First slope sensor means comprising a slope sensor 120 may be employed to
sense the parallel slope angle B of the blade 114 parallel to its cutting
edge 115 and relative to horizontal 121. The parallel slope angle B of the
blade 114 is sometimes referred to in the art as the blade slope angle of
the blade. As shown schematically in FIG. 3, the slope sensor 120 is
mounted onto the ring 116; however, it can be mounted onto the blade 114
or other blade supporting structure as preferred for a given application.

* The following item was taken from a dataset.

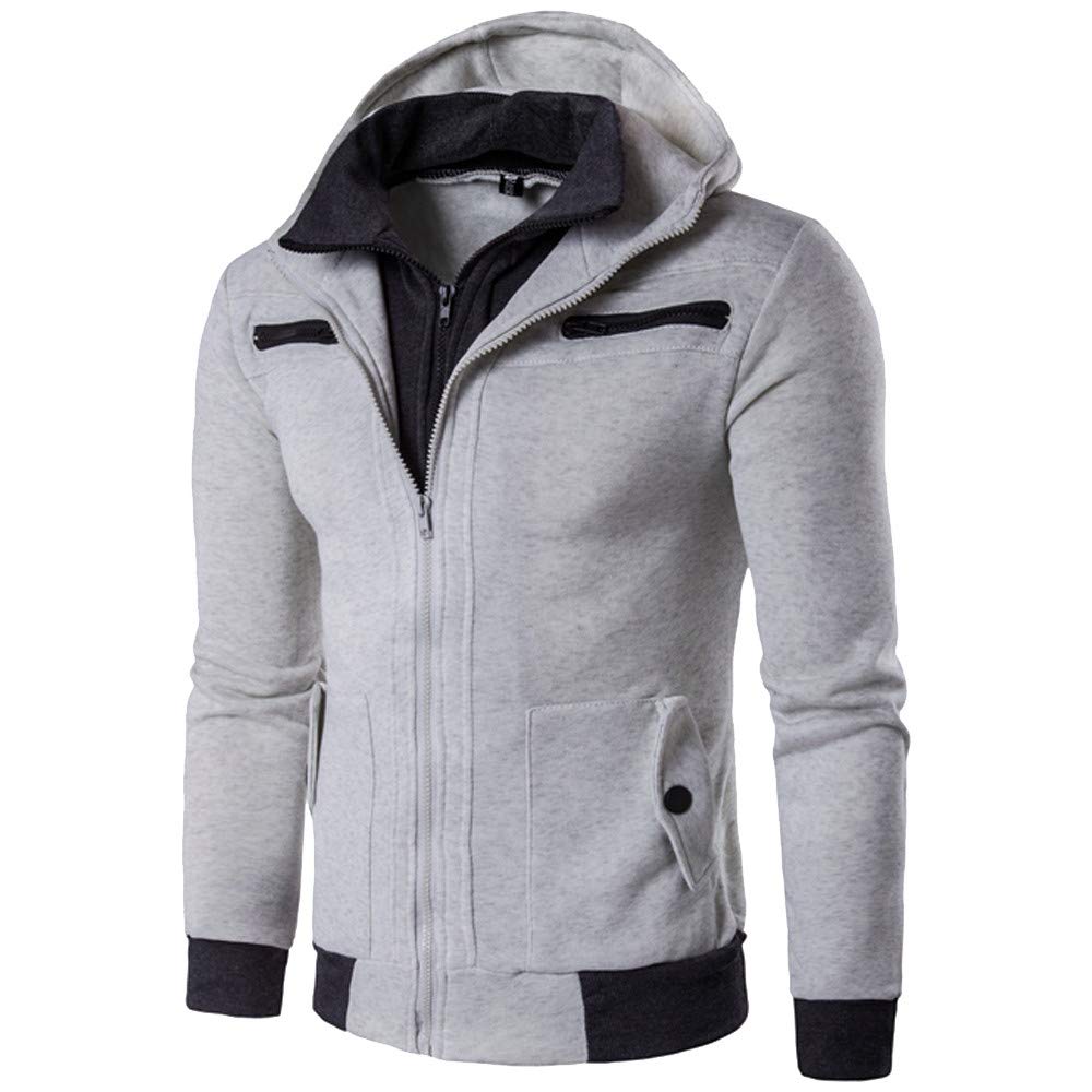 Binmer(TM) Men's Jacket Top Fashion Men's Autumn Winter Casual Zipper Thermal Hoodie Warm Full Sleeve Jacket Coats TopsGray
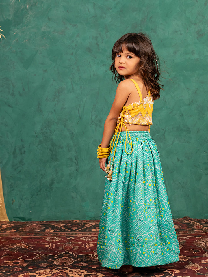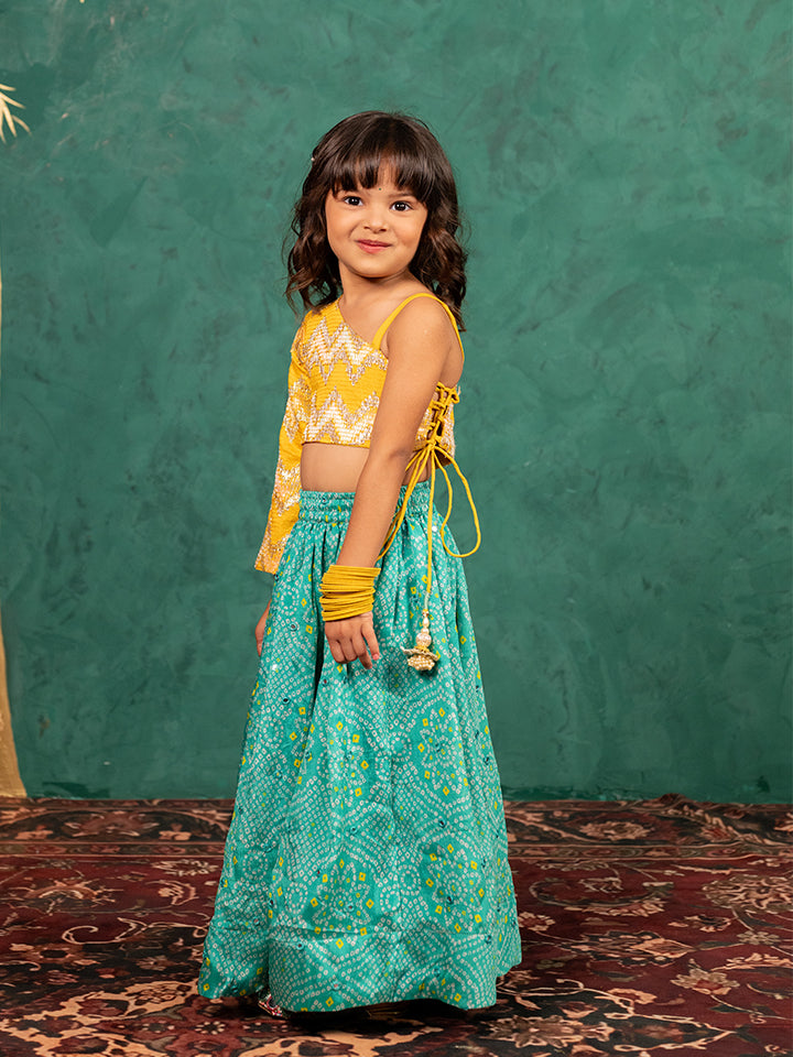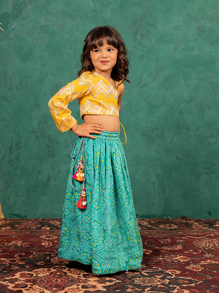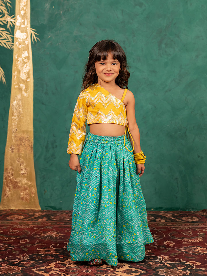 Girls One Shoulder Yellow Top with Bandhni Mirror Work Lehenga (Set of 2)

Second slope sensor means comprising a slope sensor 124 may be employed to
sense the perpendicular slope angle C of the blade 114 perpendicular to
its cutting edge 115 and relative to horizontal. While the preferred
embodiment employs the perpendicular slope angle of the blade 114 to
control the cross slope, it is also contemplated that the longitudinal
slope of the overall motorgrader in the direction of travel may be sensed
and employed in substitution for the perpendicular slope angle. The slope
sensor 124 is shown mounted onto the ring 116; however, it can also be
mounted onto the blade 114 or other blade supporting structure. The first
and second slope sensors 120 and 124 can comprise, for example, fluid
filled vials which form electrolytic potentiometers for monitoring the
parallel blade slope angle and the perpendicular blade slope angle,
respectively.
Alternatively, a single slope sensor 125 may be employed, as shown
schematically in FIG. 10, for sensing the parallel slope angle B and the
perpendicular slope angle C in the place of the slope sensors 120 and 124.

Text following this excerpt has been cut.